Вячеслав. Прекрасно! но если с одной стороны — ложь, то с противоположной должна быть истина; и потому мне бы очень было любопытно узнать, каким способом человеку можно обойтись без слов. Например, я бы желал знать, чего добились твои приятели, сочинители читанной тобою рукописи, которые подобно тебе были убеждены в вреде этого снадобья. К чему довели их прыжки через язык человеческий?
Фауст. Мои молодые друзья были люди своего времени. Сегодня между бумагами я нашёл кстати род заключения к их путешествию; <…> мои мечтатели — также жертвы слова! Им принадлежит одна честь: они открыли врага — но победить его было не их дело, и, может быть, и не наше. Слушайте:
«Нас спросят: „Чем же кончилось ваше путешествие?“ — Путешествием. Не окончив его, мы состарились тою старостию, которая в XIX веке начинается с колыбели, — страданием. Ничто не спасло нас от него: тщетны были определённая наука одного, неопределённое искусство другого. Тщетно мы измеряли шагами пустыню души человеческой, тщетно с верою мы стонали и плакали в преддверьях её храмов, тщетно с горькою насмешкою рассматривали их развалины, — безмолвна была пустыня и не раздралась ещё завеса святилища! <…> Вдали алела заря какого-то непонятного солнца; но вокруг нас веял ветер полуночи, холод проникал до костей, и мы повторяли: „страдание!“ Не для нас эта заря, не для нас это солнце! Не согреть ему наше окостенелое сердце! Для нас одно солнце — страдание! — Эти листки опалены его жгучею теплотою!
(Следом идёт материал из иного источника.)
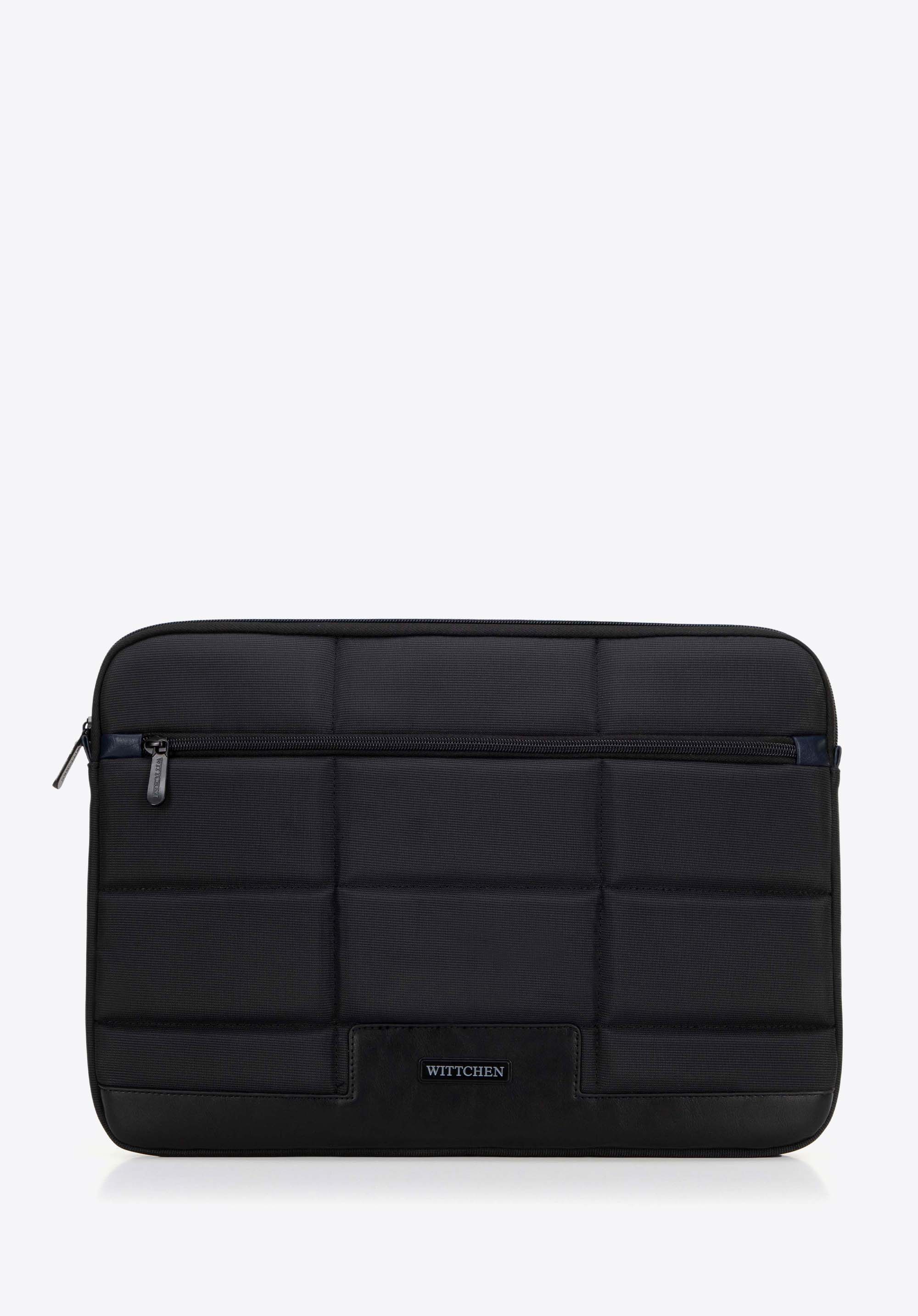 Chraňte svůj notebook stylově v tomto pouzdře vyrobeném z odolného polyesteru a zdobeném stylovými detaily z umělé kůže . Charakteristická prošívaná přední strana mu dodává moderní a zároveň rafinovaný vzhled, který odráží současné trendy. Decentní branding na přední straně a zapínání na zipy dodává nádech decentní elegance.
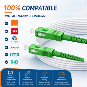 Câble à Fibre Optique SC/APC à SC/UPC OS2 Simplex Blanche (Freebox)(Ref:345)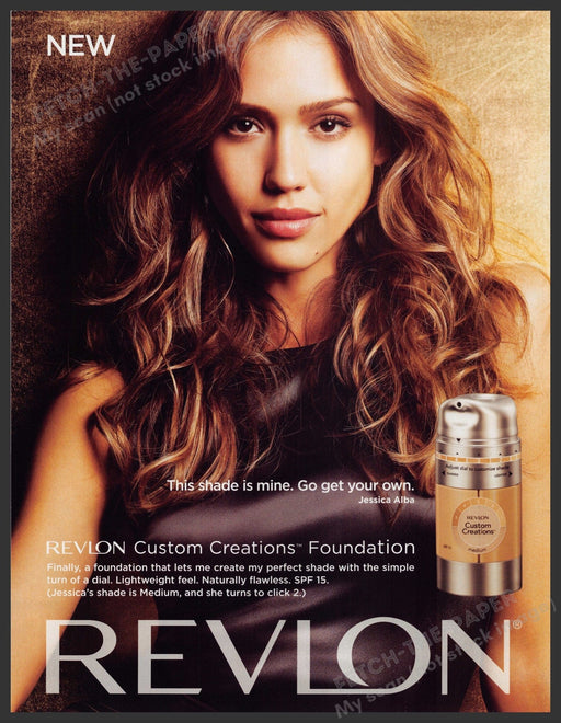 This 2008 Revlon Custom Creations Foundation advertisement features the stunning Jessica Alba, showcasing her flawless complexion. The ad highlight...

Было время, когда скептицизм почитался самою ужасною мыслию, которую когда-либо изобретала душа человека; эта мысль убила все в своём веке: и веру, и науку, и искусство; она возмутила народы, как пески морские; она увенчала кипарисным венцом клеветников провидения вместе с светителями мира; она заставила людей искать, как надёжной пристани, разрушения, зла и ничтожества. <…>
Скептицизм есть, в некотором смысле, мир своего рода, мир, имеющий свои законы, — словом, мир замкнутый, до некоторой степени мир спокойный.
У скептицизма есть удовлетворённое желание — ничего не желать; исполненная надежда — ничего не надеяться; успокоенная деятельность — ничего не искать; есть и вера — ничему не верить. Но отличительный характер настоящего мгновения — не есть собственно скептицизм, но желание выйти из скептицизма, чему-либо верить, чего-либо надеяться, чего-либо искать — желание ничем не удовлетворяемое и потому мучительное до невыразимости. Куда ни обращает свой грустный взор друг человечества — всё опровергнуто, всё поругано, всё осмеяно: нет жизни в науке, нет святыни в искусстве! <…> Такие несчастные эпохи противоречия оканчиваются тем, что называется синкретизмом, то есть соединением в безобразную систему, вопреки уму, всех самых противоречащих мнений <…>.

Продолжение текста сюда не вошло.